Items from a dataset
+--
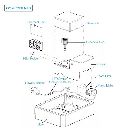 Features: Fresher, better tasting filter water Encourages your cat to drink more Health and hygiene promotion for your pet 65-ounce large water capacity design Easy disassembly for cleaning Noise-cancelling automatical water dispensing Low energy consumption: approx. 1.5 KWh monthly, 18KWh yearly
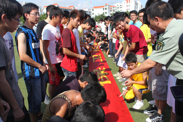 上午,“福建师范大学开云官方网页版_开云(中国)2011年度兵役登记(试点)现场会”、“南安市2011年度征兵宣传动员暨千名适龄青年应征签名大会”在我院田径场如期隆重举行。活动在福建省军区、泉州军分区的统一部署下,为进一步提高兵役登记的普及率和有效性,不断创新高校国防教育方式,广泛开展征兵宣传发动工作,为年度征兵工作奠定坚实基础的一项重要举措,由南安市人民武装部和开云官方网页版_开云(中国)人民武装部共同举办。据悉:我院是福建省军区和泉州市军分区在南安开展兵役登记试点的三个重点单位之一,亦是本年度全省唯一一所举办兵役登记(试点)现场会和征兵宣传动员大会的高校。
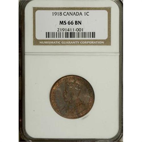 <B>George V Cent 1918,</B></I> KM21, MS66 BN NGC, despite being designated as "Brown," this coin displays considerable original mint luster.<BR><BR><b>Shipping:</b> Coins & Currency (<a target="_blank" href="http://www.heritageauctions.com/common/shipping.php">view shipping information</a>)
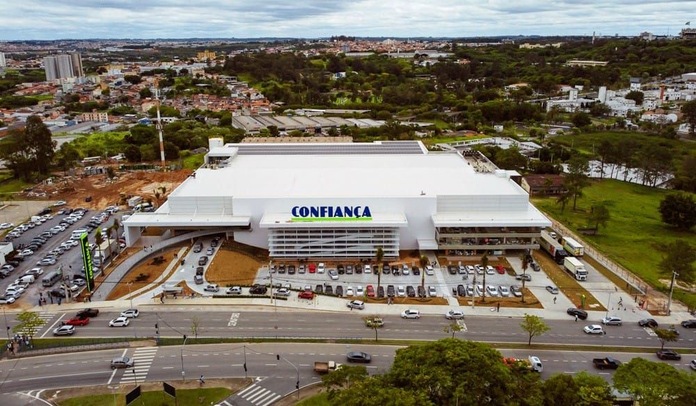 Mega loja da rede Confiança, com 27 mil metros quadrados, na cidade de Sorocaba (SP). Reprodução: Linkedin/Confiança Supermercados.
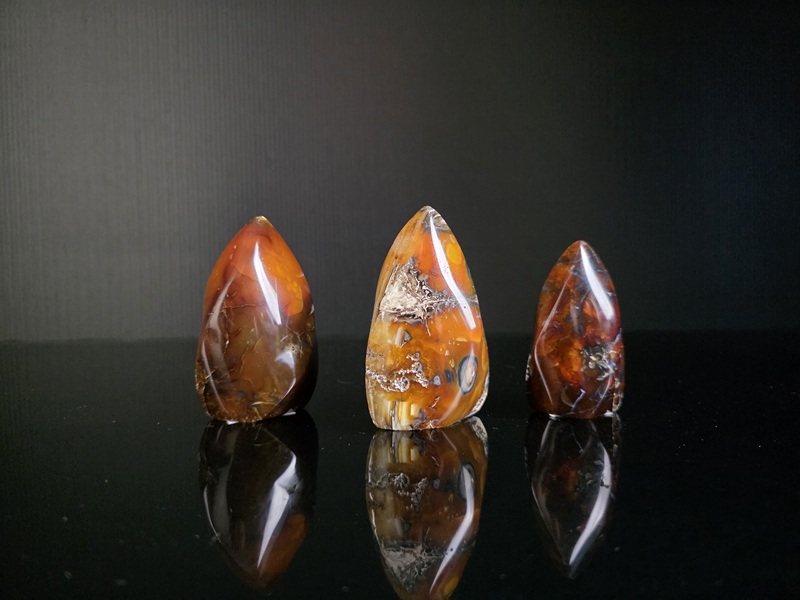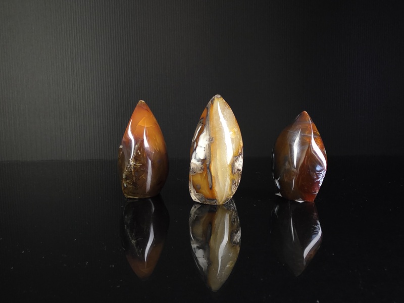 Stilizirano obrađeni polirani mineral u obliku plamena (Flame, eng.).
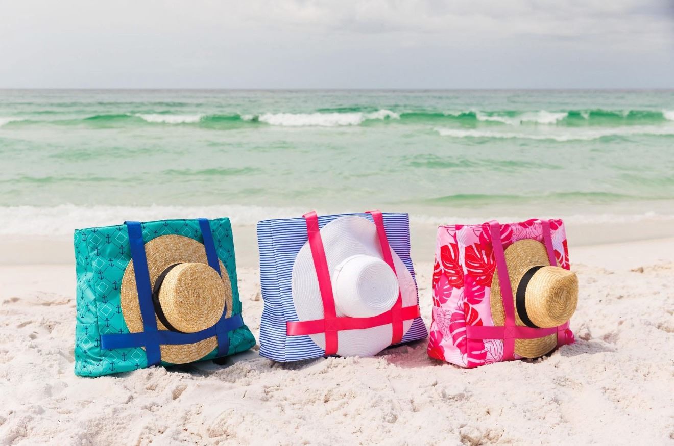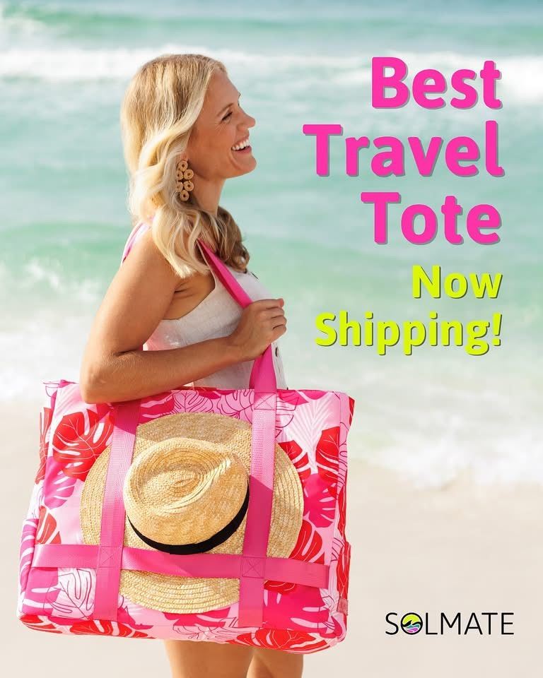 Solmate Beach tote bag and pink and red Stanley drinking cup
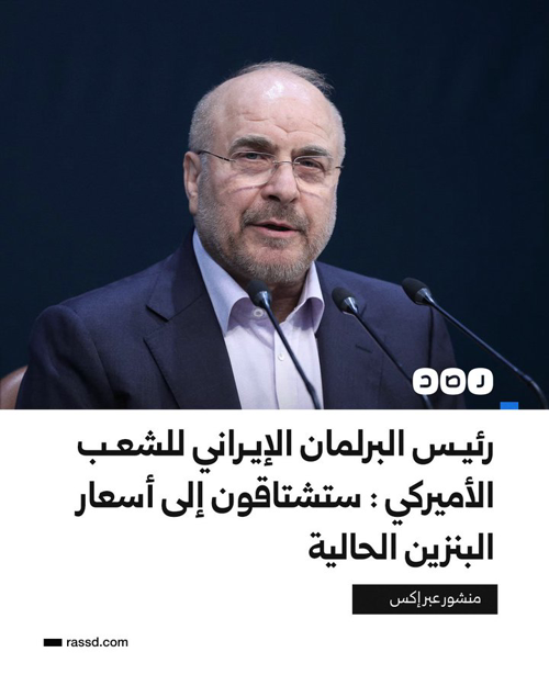 Privacy Policy ش@RassdNewsN Terms of Service & Privacy Policy · 55m رئيس ا لرلمان الإيراني قاليباف يوجه رسالة للشعب الأميركي في منشور عبر "إكس": ستشتاقون إلى أسعار البنزين الحالية Image
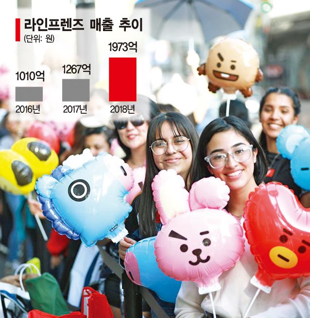 뿐만 아니라 라인프렌즈는 중국, 일본, 대만, 태국, 홍콩, 말레이시아, 싱가포르, 인도네시아, 콜롬비아, 필리핀 등에 누적 145개 매장을 열며 세계 캐릭터 시장에서 영향력을 확대하고 있다. 이를 바탕으로 매출은 2015년 독립법인으로 분사할 때 376억원에서 지난해 1973억원으로 늘었다. 분사 당시보다 다섯 배 이상 증가한 수치다.
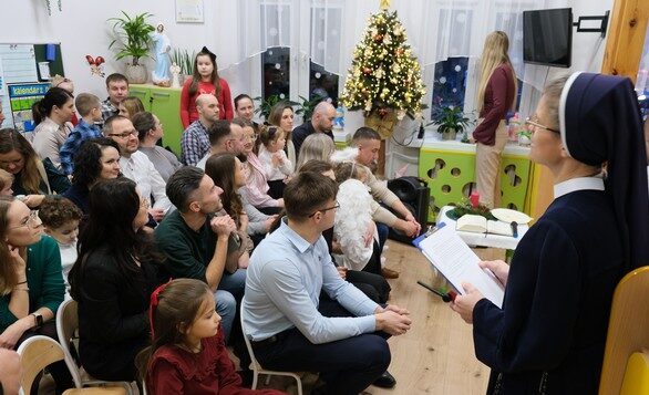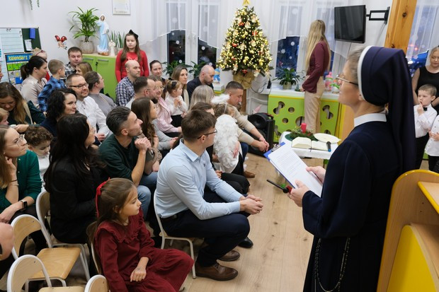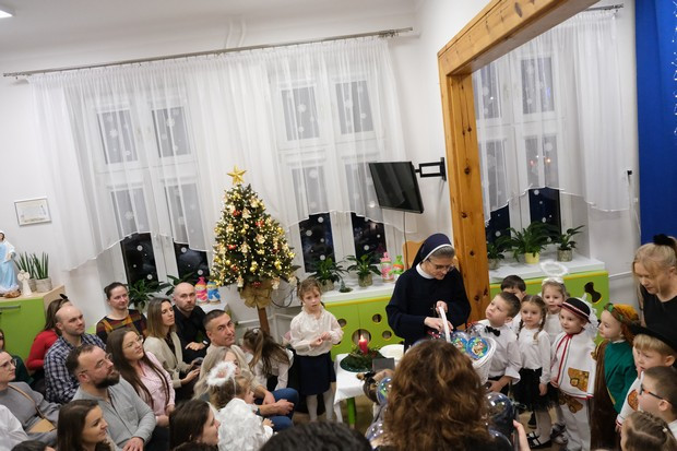 Zapraszając rodziców do Ochronki na nasze spotkanie świąteczne, dajemy okazję do tego, by wspólnie celebrować radość zbliżających się Świąt Bożego Narodzenia. W miłej, rodzinnej i bardzo świątecznej atmosferze spędzaliśmy chwile przy Świętej Rodzinie, w rolę której wcielili się nasi mali artyści. Piękny i wzruszający czas, radość udzielała się wszystkim, a uroczy występ Maluszków chwytał za serce.
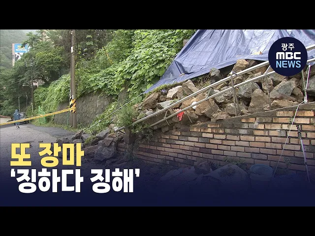 (앵커) 이번주 광주전남지역에는 정말 많은 장맛비가 쏟아졌습니다. 계속된 비로 지반이 약해지면서 옹벽이 무너지고 나무가 뿌리째 뽑히는 등 피해가 속출했습니다. 김영창 기자가 취재했습니다. (기자)식당건물을 지탱하던 옹벽 한쪽이 폭삭 내려앉았습니다. 돌 덩어리 무게를 이기지 못한 식당 아래 난관은 엿가락처럼 ...
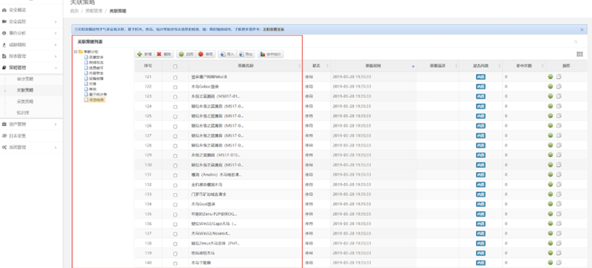 检验日审功能的另一个试金石是关联分析能力。针对日志自动化、集中度、关联度不够的问题,PA真人视讯数码DCSSA日志审计系统支持基于规则、统计、情报的分析模型,内置丰富的安全策略模板、高效的实时关联分析能力、灵活的审计策略,充分发挥日志分析及审计机制的最大效力。帮用户实现对日志的关联性处理,让用户能有效处理纷杂无序的日志信息。
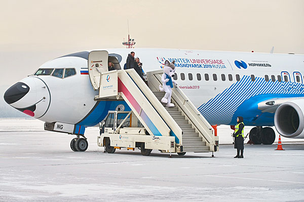 KRASNOYARSK – On 12 January, the 2019 Winter Universiade branded aircraft of the company NordStar Airlines, arrived from Norilsk to Krasnoyarsk. Upon the initiative of the MMC Norilsk Nickel, the General Partner of the 29th Winter Universiade Krasnoyarsk 2019, Boeing 737-800 was painted in the brand colours of the upcoming event.
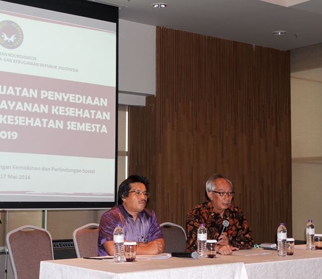 Jakarta (17/05)--- Deputi bidang Koordinasi Penanggulangan Kemiskinan dan Perlindungan Sosial, Tb Achmad Choesni didampingi Asisten Deputi Urusan Jaminan Sosial Togap Simangunsong, membuka workshop bertajuk “Penguatan Penyediaan Fasilitas dan Pelayanan Kesehatan menuju Jaminan Kesehatan Semesta tahun 2019” hari ini di Grand Mercure Hotel, Jakarta.
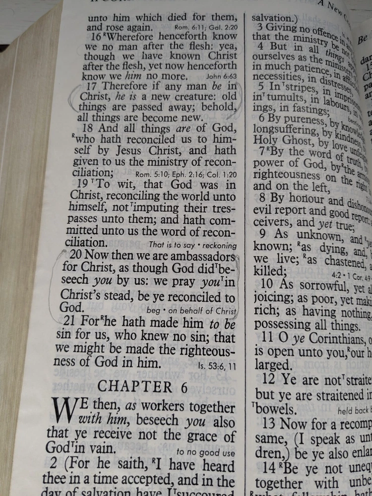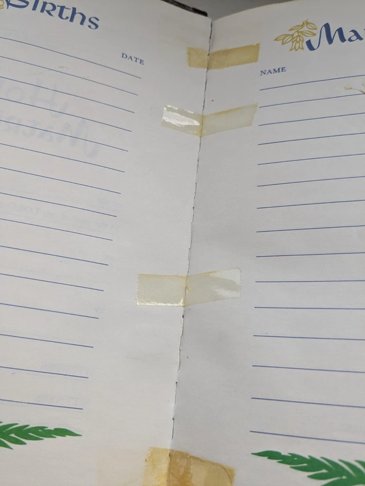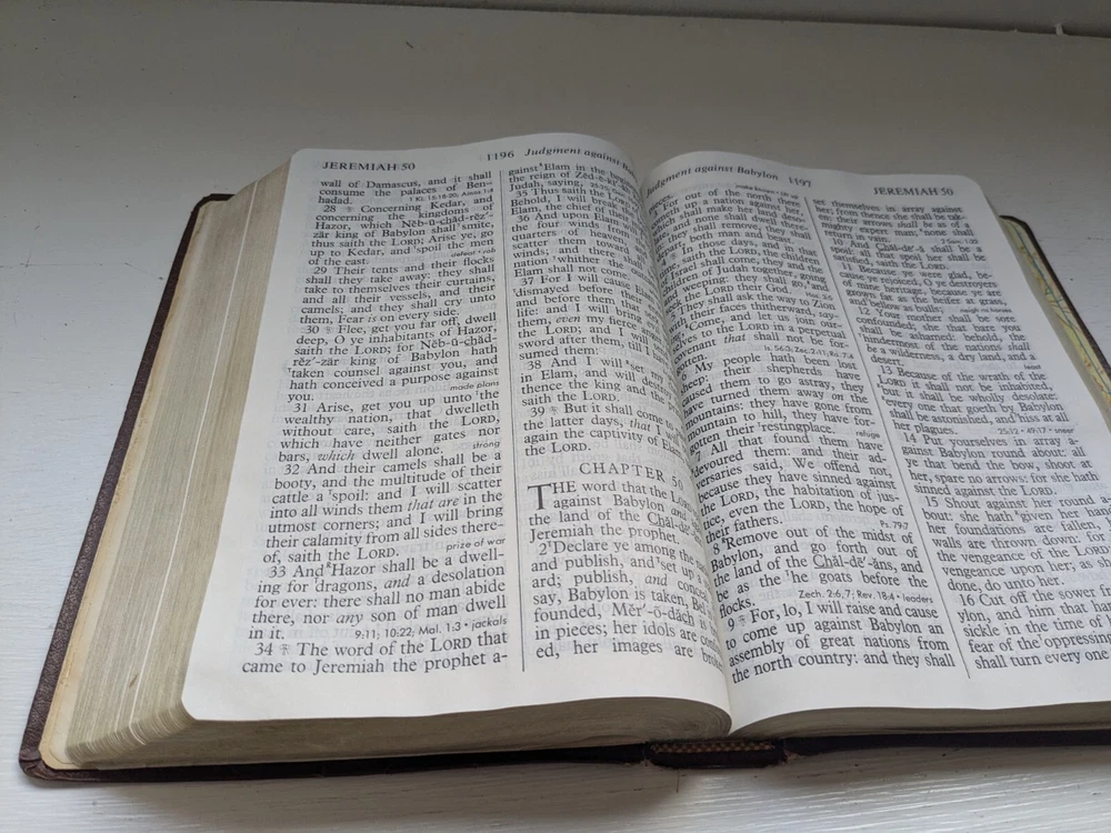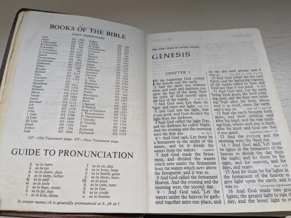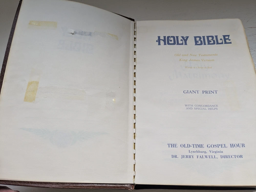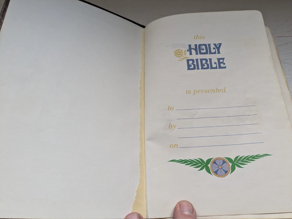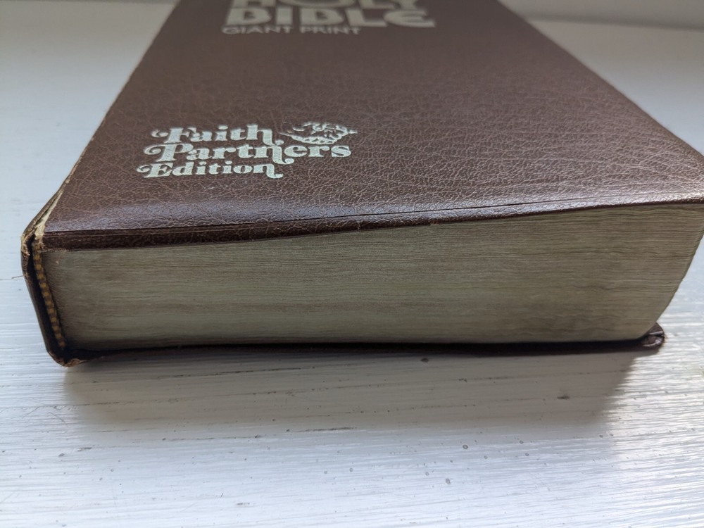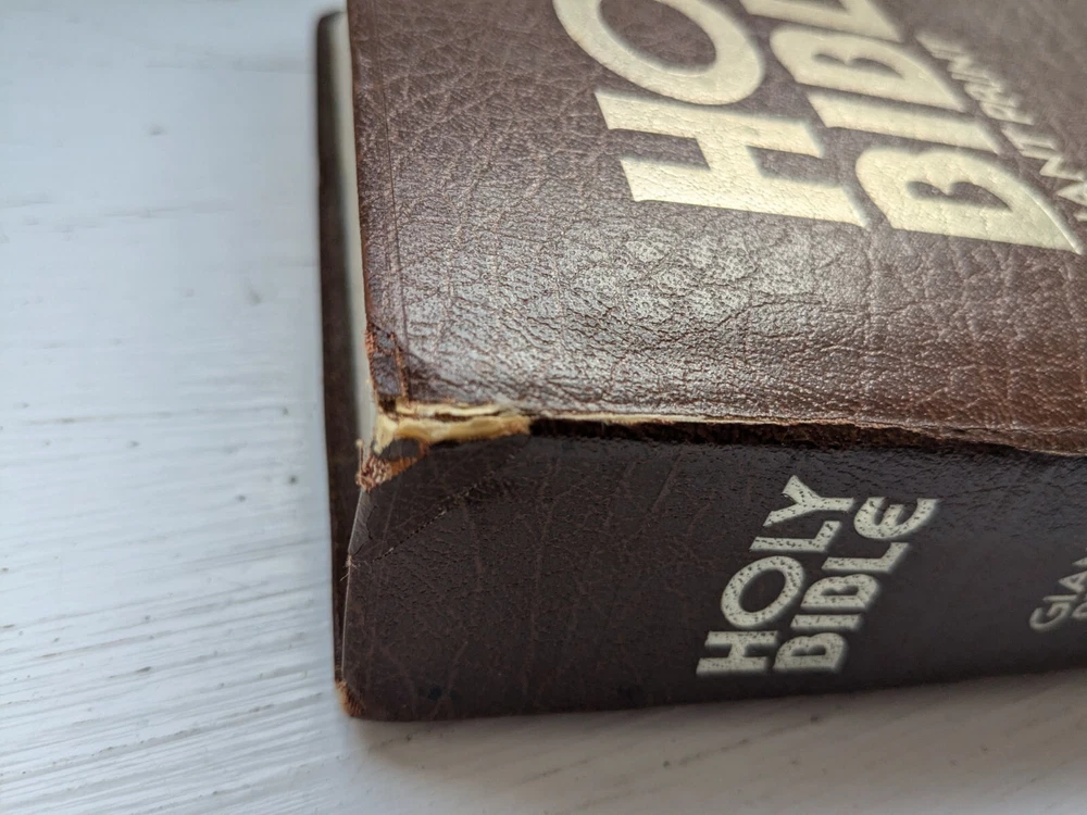 Binding is strong. Red letter edition. No name in front. Flipping through the Bible I see maybe 50 pages with some margin marks. See last five photos for Bible wear which includes minor wear to front hinge , 4 pages have scotch tape one page is torn and some cosmetic wear to spine
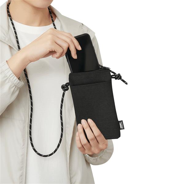 Torba na ramię na telefon URBAN. Uniwersalna torba odpowiednia dla smartfonów. Ma główną komorę zapinaną na zamek błyskawiczny oraz 1 kieszeń z przodu. Wykonana jest z poliestru pochodzącego z recyklingu (rPET). Ma regulowany pasek na ramię (długość ok. 140 cm).
+--
### ACTION ITEM
Copy nothing past the line containing "Privacy Policy ش@RassdNewsN": reproduce every line from the start of the records up to it, skipping pictures.

### WRITTEN ANSWER
 Features: Fresher, better tasting filter water Encourages your cat to drink more Health and hygiene promotion for your pet 65-ounce large water capacity design Easy disassembly for cleaning Noise-cancelling automatical water dispensing Low energy consumption: approx. 1.5 KWh monthly, 18KWh yearly
 上午,“福建师范大学开云官方网页版_开云(中国)2011年度兵役登记(试点)现场会”、“南安市2011年度征兵宣传动员暨千名适龄青年应征签名大会”在我院田径场如期隆重举行。活动在福建省军区、泉州军分区的统一部署下,为进一步提高兵役登记的普及率和有效性,不断创新高校国防教育方式,广泛开展征兵宣传发动工作,为年度征兵工作奠定坚实基础的一项重要举措,由南安市人民武装部和开云官方网页版_开云(中国)人民武装部共同举办。据悉:我院是福建省军区和泉州市军分区在南安开展兵役登记试点的三个重点单位之一,亦是本年度全省唯一一所举办兵役登记(试点)现场会和征兵宣传动员大会的高校。
 <B>George V Cent 1918,</B></I> KM21, MS66 BN NGC, despite being designated as "Brown," this coin displays considerable original mint luster.<BR><BR><b>Shipping:</b> Coins & Currency (<a target="_blank" href="http://www.heritageauctions.com/common/shipping.php">view shipping information</a>)
 Mega loja da rede Confiança, com 27 mil metros quadrados, na cidade de Sorocaba (SP). Reprodução: Linkedin/Confiança Supermercados.
 Stilizirano obrađeni polirani mineral u obliku plamena (Flame, eng.).
 Solmate Beach tote bag and pink and red Stanley drinking cup
 Privacy Policy ش@RassdNewsN Terms of Service & Privacy Policy · 55m رئيس ا لرلمان الإيراني قاليباف يوجه رسالة للشعب الأميركي في منشور عبر "إكس": ستشتاقون إلى أسعار البنزين الحالية Image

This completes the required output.